[Data]
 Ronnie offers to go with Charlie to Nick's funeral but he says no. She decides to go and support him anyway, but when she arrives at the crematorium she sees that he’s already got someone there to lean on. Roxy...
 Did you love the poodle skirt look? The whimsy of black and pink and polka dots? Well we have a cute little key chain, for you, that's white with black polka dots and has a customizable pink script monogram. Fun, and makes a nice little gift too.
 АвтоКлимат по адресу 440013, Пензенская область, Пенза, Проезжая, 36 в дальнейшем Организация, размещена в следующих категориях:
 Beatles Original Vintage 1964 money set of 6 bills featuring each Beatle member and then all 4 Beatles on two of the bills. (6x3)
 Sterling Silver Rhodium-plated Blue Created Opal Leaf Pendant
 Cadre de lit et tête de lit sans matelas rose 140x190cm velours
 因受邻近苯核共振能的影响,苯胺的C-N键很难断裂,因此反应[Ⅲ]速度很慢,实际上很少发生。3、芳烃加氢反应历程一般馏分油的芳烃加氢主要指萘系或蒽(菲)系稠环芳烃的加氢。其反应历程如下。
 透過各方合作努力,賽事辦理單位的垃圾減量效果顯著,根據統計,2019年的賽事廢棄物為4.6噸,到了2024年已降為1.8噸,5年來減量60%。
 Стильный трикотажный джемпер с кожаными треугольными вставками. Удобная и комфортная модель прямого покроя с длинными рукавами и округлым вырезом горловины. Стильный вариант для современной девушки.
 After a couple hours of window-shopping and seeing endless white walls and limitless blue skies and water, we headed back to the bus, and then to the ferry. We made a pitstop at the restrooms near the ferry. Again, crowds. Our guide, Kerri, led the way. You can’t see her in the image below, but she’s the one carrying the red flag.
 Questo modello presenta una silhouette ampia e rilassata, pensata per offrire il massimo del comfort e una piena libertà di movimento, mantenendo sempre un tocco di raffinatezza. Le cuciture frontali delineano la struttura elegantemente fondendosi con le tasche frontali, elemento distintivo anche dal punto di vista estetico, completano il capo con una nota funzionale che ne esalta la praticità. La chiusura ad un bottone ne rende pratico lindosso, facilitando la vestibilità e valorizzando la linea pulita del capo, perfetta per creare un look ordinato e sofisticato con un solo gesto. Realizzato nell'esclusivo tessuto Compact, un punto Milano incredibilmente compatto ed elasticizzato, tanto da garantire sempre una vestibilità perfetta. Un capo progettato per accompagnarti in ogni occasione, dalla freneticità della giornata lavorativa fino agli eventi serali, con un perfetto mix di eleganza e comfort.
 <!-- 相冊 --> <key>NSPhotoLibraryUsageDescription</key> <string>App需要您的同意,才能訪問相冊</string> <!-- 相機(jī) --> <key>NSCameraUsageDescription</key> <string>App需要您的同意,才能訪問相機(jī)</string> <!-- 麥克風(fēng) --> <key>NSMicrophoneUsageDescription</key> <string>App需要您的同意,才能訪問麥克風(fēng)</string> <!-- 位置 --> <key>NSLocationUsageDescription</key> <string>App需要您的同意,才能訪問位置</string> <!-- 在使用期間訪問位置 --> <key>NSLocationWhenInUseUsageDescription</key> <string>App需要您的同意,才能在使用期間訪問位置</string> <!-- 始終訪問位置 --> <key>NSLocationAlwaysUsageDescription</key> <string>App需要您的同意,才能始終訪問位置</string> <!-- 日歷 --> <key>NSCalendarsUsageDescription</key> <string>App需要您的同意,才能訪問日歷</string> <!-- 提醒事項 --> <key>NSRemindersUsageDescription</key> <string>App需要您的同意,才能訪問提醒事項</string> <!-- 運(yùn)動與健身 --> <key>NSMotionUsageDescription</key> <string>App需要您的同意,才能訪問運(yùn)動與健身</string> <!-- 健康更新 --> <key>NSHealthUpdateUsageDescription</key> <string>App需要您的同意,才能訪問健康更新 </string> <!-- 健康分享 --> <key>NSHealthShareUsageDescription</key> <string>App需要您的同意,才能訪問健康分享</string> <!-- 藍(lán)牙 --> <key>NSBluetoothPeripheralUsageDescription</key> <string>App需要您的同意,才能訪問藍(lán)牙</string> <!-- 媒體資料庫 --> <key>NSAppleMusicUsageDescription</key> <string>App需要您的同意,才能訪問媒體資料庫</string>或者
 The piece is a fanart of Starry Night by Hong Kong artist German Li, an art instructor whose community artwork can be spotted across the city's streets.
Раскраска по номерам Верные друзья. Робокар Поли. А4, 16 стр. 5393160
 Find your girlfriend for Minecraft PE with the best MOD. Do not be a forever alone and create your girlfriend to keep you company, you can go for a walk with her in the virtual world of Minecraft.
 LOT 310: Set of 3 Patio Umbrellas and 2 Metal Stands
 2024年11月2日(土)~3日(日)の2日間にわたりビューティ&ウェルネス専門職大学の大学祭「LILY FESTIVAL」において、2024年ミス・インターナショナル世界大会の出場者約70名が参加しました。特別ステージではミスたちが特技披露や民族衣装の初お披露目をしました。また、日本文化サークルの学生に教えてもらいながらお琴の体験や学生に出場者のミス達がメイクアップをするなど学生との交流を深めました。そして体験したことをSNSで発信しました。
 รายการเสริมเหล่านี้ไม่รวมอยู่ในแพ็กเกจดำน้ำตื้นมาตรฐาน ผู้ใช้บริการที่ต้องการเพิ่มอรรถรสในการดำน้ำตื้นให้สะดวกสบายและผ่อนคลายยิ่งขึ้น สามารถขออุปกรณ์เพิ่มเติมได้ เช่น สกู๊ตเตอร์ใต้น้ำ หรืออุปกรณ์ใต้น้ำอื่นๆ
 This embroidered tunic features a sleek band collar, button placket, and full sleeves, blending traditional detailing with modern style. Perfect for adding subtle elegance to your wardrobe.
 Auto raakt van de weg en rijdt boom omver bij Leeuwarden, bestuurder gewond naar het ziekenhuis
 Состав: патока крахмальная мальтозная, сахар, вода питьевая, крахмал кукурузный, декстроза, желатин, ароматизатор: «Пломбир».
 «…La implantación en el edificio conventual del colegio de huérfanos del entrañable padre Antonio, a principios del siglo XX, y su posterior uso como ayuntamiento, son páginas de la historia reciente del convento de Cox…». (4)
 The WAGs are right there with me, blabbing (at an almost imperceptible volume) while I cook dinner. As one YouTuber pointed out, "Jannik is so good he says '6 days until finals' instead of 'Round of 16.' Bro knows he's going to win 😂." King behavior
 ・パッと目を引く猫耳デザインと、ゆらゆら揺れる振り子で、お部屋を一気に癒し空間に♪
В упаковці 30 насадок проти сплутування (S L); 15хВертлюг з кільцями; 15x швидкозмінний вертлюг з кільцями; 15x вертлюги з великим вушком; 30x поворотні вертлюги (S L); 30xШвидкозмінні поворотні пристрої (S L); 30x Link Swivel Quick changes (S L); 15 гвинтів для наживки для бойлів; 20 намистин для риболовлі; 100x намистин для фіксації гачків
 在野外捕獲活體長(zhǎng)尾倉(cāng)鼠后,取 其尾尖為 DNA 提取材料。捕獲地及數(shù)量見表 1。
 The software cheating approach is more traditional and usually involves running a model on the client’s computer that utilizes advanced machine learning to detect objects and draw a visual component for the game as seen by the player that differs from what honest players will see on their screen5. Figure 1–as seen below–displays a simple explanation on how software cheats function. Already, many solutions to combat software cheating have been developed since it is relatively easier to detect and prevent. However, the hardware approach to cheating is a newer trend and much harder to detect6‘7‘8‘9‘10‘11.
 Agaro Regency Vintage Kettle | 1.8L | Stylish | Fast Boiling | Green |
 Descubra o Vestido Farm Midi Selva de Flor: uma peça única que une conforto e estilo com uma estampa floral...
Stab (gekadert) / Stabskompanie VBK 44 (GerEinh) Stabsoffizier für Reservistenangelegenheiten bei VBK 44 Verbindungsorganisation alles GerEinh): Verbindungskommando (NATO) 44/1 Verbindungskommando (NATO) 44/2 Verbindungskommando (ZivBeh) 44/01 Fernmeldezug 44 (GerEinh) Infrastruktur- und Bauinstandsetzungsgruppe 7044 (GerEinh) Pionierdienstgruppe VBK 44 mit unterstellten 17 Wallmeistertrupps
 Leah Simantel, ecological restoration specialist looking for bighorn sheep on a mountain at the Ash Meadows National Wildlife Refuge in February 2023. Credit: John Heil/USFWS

[About this exercise] Please retype, with no changes, the lines that run from the first line of the entries to the line with "因受邻近苯核共振能的影响,苯", both ends included.

[Written solution]
 Ronnie offers to go with Charlie to Nick's funeral but he says no. She decides to go and support him anyway, but when she arrives at the crematorium she sees that he’s already got someone there to lean on. Roxy...
 Did you love the poodle skirt look? The whimsy of black and pink and polka dots? Well we have a cute little key chain, for you, that's white with black polka dots and has a customizable pink script monogram. Fun, and makes a nice little gift too.
 АвтоКлимат по адресу 440013, Пензенская область, Пенза, Проезжая, 36 в дальнейшем Организация, размещена в следующих категориях:
 Beatles Original Vintage 1964 money set of 6 bills featuring each Beatle member and then all 4 Beatles on two of the bills. (6x3)
 Sterling Silver Rhodium-plated Blue Created Opal Leaf Pendant
 Cadre de lit et tête de lit sans matelas rose 140x190cm velours
 因受邻近苯核共振能的影响,苯胺的C-N键很难断裂,因此反应[Ⅲ]速度很慢,实际上很少发生。3、芳烃加氢反应历程一般馏分油的芳烃加氢主要指萘系或蒽(菲)系稠环芳烃的加氢。其反应历程如下。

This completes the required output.